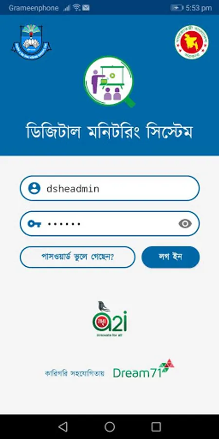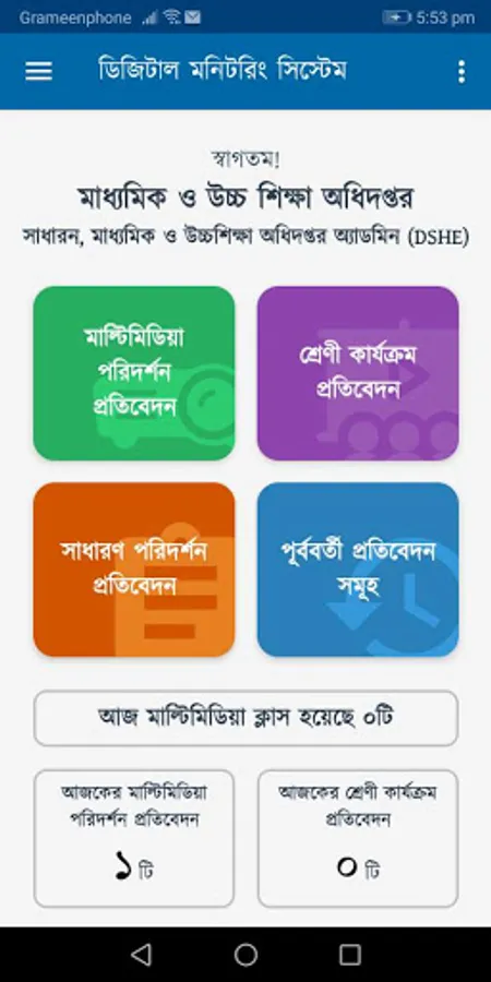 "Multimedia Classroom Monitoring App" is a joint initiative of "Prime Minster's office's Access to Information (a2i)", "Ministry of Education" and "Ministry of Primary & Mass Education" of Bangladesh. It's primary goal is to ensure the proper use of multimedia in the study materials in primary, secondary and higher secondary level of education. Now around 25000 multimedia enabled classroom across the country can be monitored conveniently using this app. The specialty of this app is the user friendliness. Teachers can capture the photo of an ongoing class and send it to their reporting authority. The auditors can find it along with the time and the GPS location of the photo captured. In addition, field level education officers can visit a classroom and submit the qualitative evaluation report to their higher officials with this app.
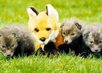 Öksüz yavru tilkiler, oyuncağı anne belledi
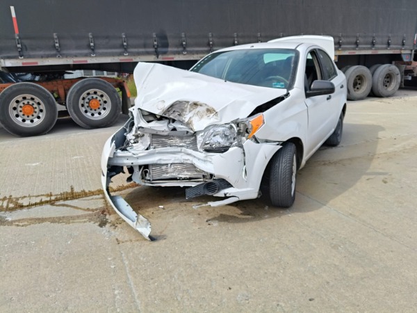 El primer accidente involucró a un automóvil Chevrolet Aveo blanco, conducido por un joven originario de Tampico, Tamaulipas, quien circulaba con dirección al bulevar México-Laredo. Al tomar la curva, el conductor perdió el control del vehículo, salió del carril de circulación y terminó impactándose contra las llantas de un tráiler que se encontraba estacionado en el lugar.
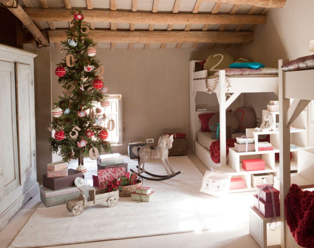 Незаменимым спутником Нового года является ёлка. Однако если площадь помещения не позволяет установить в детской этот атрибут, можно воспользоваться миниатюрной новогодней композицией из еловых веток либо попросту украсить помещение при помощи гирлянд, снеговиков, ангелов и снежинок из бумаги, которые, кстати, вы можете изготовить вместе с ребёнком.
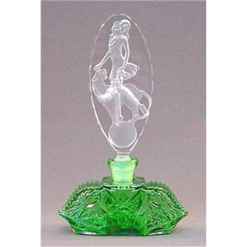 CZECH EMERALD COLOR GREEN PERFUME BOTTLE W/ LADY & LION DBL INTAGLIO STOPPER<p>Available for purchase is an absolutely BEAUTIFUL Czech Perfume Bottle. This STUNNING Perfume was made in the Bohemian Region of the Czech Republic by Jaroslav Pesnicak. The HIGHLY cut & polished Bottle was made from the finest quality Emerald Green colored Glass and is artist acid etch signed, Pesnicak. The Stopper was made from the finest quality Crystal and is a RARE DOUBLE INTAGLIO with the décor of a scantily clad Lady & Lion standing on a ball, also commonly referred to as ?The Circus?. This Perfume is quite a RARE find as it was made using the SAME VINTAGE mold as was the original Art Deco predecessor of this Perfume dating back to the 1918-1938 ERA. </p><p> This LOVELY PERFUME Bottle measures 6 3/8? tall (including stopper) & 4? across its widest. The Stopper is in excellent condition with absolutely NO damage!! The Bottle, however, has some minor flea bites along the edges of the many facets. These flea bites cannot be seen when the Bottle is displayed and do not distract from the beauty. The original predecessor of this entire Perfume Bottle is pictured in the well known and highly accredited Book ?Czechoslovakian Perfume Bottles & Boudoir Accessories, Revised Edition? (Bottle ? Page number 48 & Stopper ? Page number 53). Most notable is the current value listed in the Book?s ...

▶ _DIRECTIONS_: The response must repeat all the lines above exactly and include no pictures.

▶ _RESULT OF THIS EXERCISE_:
 "Multimedia Classroom Monitoring App" is a joint initiative of "Prime Minster's office's Access to Information (a2i)", "Ministry of Education" and "Ministry of Primary & Mass Education" of Bangladesh. It's primary goal is to ensure the proper use of multimedia in the study materials in primary, secondary and higher secondary level of education. Now around 25000 multimedia enabled classroom across the country can be monitored conveniently using this app. The specialty of this app is the user friendliness. Teachers can capture the photo of an ongoing class and send it to their reporting authority. The auditors can find it along with the time and the GPS location of the photo captured. In addition, field level education officers can visit a classroom and submit the qualitative evaluation report to their higher officials with this app.
 Öksüz yavru tilkiler, oyuncağı anne belledi
 El primer accidente involucró a un automóvil Chevrolet Aveo blanco, conducido por un joven originario de Tampico, Tamaulipas, quien circulaba con dirección al bulevar México-Laredo. Al tomar la curva, el conductor perdió el control del vehículo, salió del carril de circulación y terminó impactándose contra las llantas de un tráiler que se encontraba estacionado en el lugar.
 Незаменимым спутником Нового года является ёлка. Однако если площадь помещения не позволяет установить в детской этот атрибут, можно воспользоваться миниатюрной новогодней композицией из еловых веток либо попросту украсить помещение при помощи гирлянд, снеговиков, ангелов и снежинок из бумаги, которые, кстати, вы можете изготовить вместе с ребёнком.
 CZECH EMERALD COLOR GREEN PERFUME BOTTLE W/ LADY & LION DBL INTAGLIO STOPPER<p>Available for purchase is an absolutely BEAUTIFUL Czech Perfume Bottle. This STUNNING Perfume was made in the Bohemian Region of the Czech Republic by Jaroslav Pesnicak. The HIGHLY cut & polished Bottle was made from the finest quality Emerald Green colored Glass and is artist acid etch signed, Pesnicak. The Stopper was made from the finest quality Crystal and is a RARE DOUBLE INTAGLIO with the décor of a scantily clad Lady & Lion standing on a ball, also commonly referred to as ?The Circus?. This Perfume is quite a RARE find as it was made using the SAME VINTAGE mold as was the original Art Deco predecessor of this Perfume dating back to the 1918-1938 ERA. </p><p> This LOVELY PERFUME Bottle measures 6 3/8? tall (including stopper) & 4? across its widest. The Stopper is in excellent condition with absolutely NO damage!! The Bottle, however, has some minor flea bites along the edges of the many facets. These flea bites cannot be seen when the Bottle is displayed and do not distract from the beauty. The original predecessor of this entire Perfume Bottle is pictured in the well known and highly accredited Book ?Czechoslovakian Perfume Bottles & Boudoir Accessories, Revised Edition? (Bottle ? Page number 48 & Stopper ? Page number 53). Most notable is the current value listed in the Book?s ...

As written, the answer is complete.